_EXERCISE_.
Skip pictures in the listing below; copy exactly the lines from the one with "Crafted from grey" through the one with "Buy New Solid", inclusive.

_SUPPLIED RECORDS_.
+++
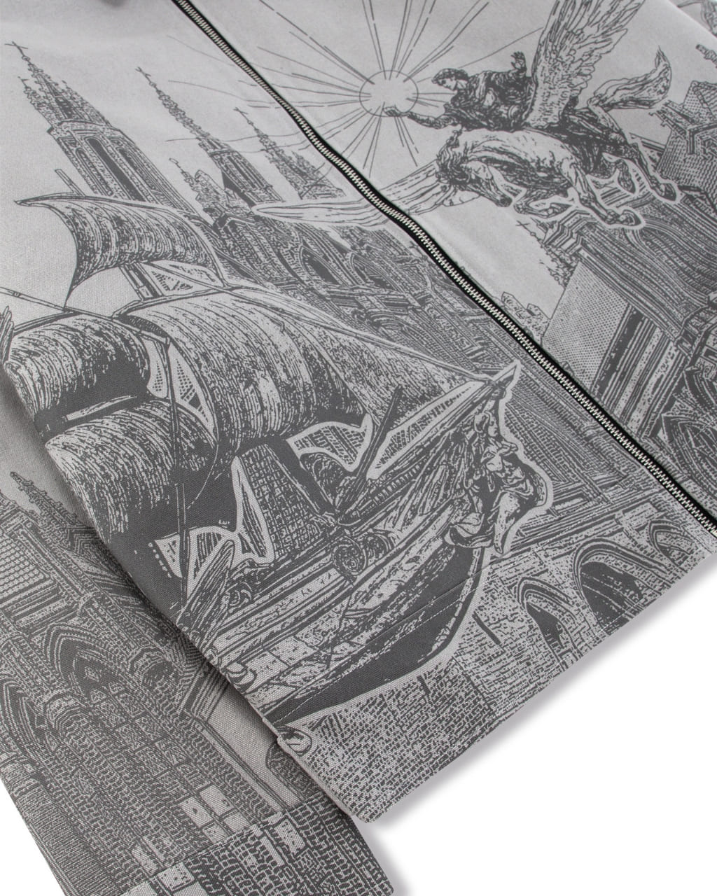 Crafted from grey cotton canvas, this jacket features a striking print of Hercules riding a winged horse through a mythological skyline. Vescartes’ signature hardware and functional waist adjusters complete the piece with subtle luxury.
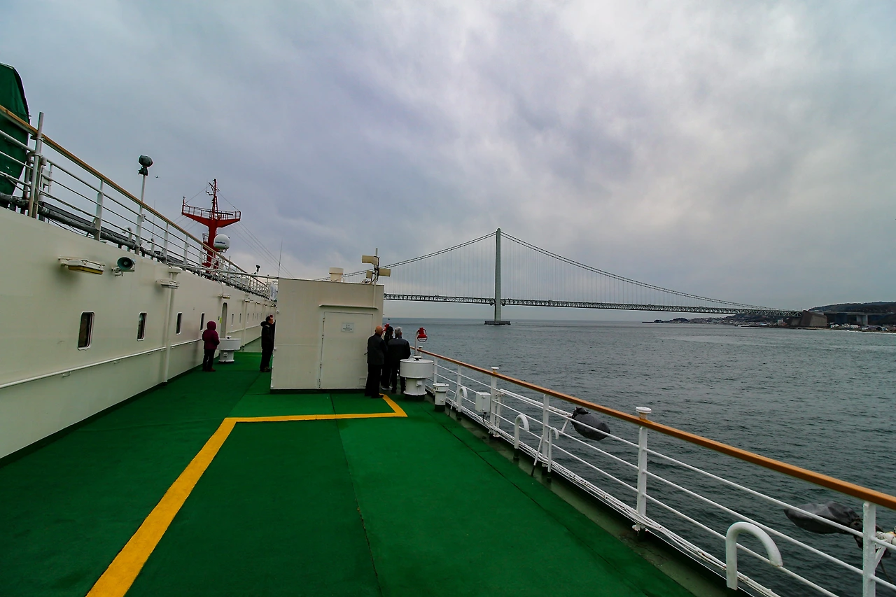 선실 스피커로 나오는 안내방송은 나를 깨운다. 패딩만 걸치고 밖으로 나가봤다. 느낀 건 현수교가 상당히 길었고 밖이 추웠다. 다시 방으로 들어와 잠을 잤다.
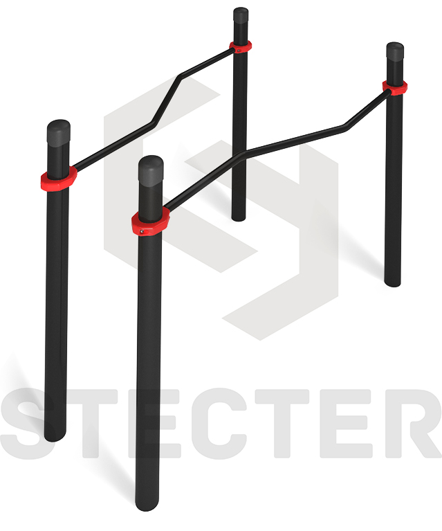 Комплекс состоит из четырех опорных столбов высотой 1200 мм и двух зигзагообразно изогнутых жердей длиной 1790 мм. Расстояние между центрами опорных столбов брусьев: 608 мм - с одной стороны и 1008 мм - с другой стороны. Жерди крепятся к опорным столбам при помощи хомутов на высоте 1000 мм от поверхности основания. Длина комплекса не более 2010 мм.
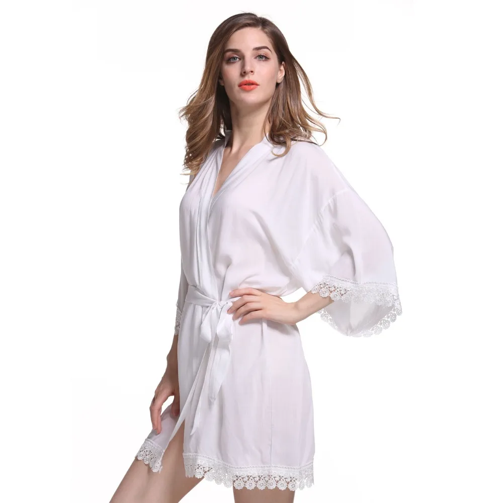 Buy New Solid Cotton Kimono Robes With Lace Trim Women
+++
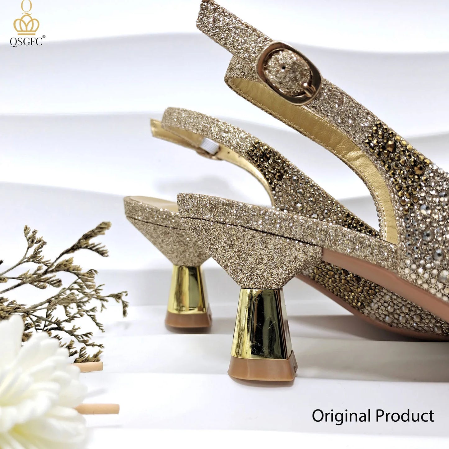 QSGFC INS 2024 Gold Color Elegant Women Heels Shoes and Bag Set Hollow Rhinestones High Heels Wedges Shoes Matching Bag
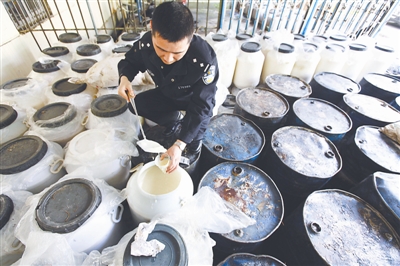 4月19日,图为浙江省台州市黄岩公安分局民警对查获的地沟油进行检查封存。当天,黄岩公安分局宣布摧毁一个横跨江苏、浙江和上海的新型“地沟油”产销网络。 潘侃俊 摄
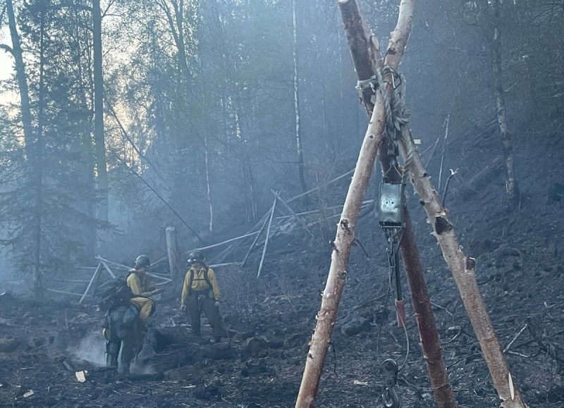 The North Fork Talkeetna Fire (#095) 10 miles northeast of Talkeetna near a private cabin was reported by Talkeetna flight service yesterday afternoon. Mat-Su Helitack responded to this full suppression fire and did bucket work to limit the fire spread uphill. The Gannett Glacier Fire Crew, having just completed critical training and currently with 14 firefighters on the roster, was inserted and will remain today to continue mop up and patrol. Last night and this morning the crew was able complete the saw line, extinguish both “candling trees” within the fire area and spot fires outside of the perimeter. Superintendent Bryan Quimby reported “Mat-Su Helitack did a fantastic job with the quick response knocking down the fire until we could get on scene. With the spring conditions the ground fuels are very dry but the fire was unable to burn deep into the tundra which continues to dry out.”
+++
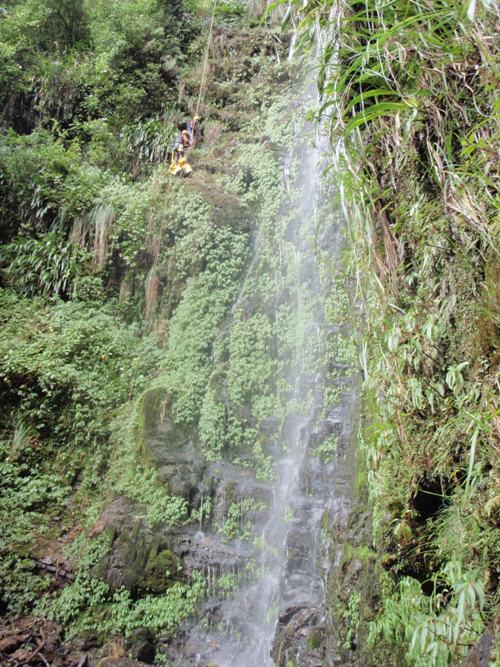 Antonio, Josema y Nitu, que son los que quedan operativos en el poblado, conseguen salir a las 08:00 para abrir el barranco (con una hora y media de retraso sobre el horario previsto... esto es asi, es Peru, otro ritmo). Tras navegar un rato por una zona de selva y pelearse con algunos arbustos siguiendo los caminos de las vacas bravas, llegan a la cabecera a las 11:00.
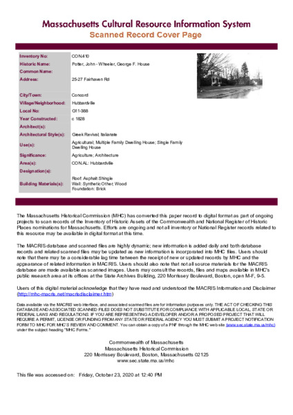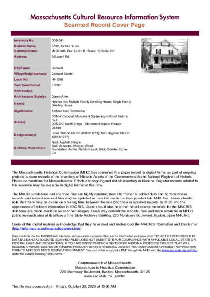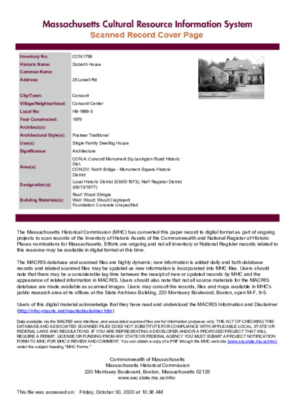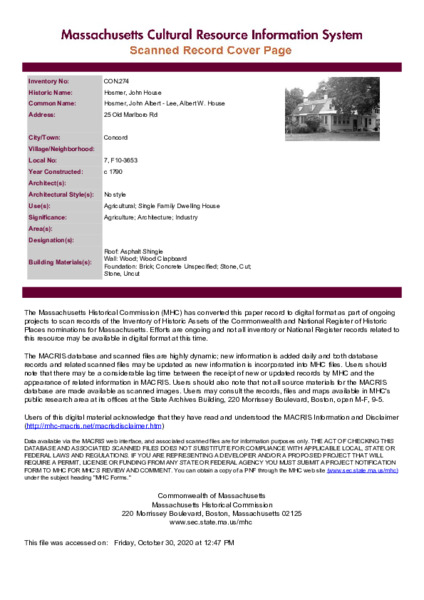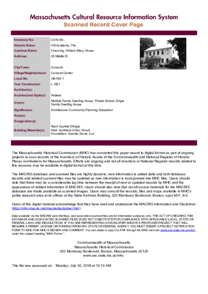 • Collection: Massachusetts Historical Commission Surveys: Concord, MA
+++
_OUTPUT FOR THIS EXERCISE_.
 Crafted from grey cotton canvas, this jacket features a striking print of Hercules riding a winged horse through a mythological skyline. Vescartes’ signature hardware and functional waist adjusters complete the piece with subtle luxury.
 선실 스피커로 나오는 안내방송은 나를 깨운다. 패딩만 걸치고 밖으로 나가봤다. 느낀 건 현수교가 상당히 길었고 밖이 추웠다. 다시 방으로 들어와 잠을 잤다.
 Комплекс состоит из четырех опорных столбов высотой 1200 мм и двух зигзагообразно изогнутых жердей длиной 1790 мм. Расстояние между центрами опорных столбов брусьев: 608 мм - с одной стороны и 1008 мм - с другой стороны. Жерди крепятся к опорным столбам при помощи хомутов на высоте 1000 мм от поверхности основания. Длина комплекса не более 2010 мм.
 Buy New Solid Cotton Kimono Robes With Lace Trim Women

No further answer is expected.